The attacks drew condemnation from the UN and the Somali president.

“I am appalled by this act of savagery and condemn it in the strongest terms. I offer my sincere condolences to the families and friends of those killed and wish a speedy recovery to the injured,” said the UN secretary-general’s special envoy to Somalia, Nicholas Kay.

“The terrorist elements used to claim they target Somali government (officials) but such an attack is proof they have no sympathy for anyone, they kill innocent civilians at restaurants,” Somali President Hassan Sheikh Mohamud told a press conference.

The National Theatre re-opened in 2012 after two decades.

Just weeks after it re-opened, al-Qaeda-linked al-Shabab fighters struck, with a suicide bomber blowing herself up and killing two of the country’s senior sporting officials who were attending an event there.
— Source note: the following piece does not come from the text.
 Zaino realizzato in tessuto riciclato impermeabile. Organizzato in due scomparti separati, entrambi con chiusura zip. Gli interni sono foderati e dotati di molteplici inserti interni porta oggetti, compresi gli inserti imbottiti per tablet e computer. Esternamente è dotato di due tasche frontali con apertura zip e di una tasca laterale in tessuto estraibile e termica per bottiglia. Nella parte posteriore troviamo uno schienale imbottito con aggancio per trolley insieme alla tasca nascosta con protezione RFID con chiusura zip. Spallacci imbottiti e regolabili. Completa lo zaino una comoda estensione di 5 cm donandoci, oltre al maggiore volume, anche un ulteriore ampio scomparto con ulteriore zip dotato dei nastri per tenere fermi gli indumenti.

“They attack the restaurants because they hate to see people peacefully spending time together,” said Mohamed Abdi, an Interior Ministry employee, who spoke as he stood near the dead body of an old man.

“They are committed to obliterating any sign of peace. Because of such attacks, it’s very hard for the government to restore security in the near future.”

African Union forces pushed al-Shabab out of Mogadishu in August 2011, but the group continues to carry out suicide attacks in the capital. 

Their most brazen recent attack was a suicide commando assault on a fortified UN compound in the centre of Mogadishu in June that killed 11.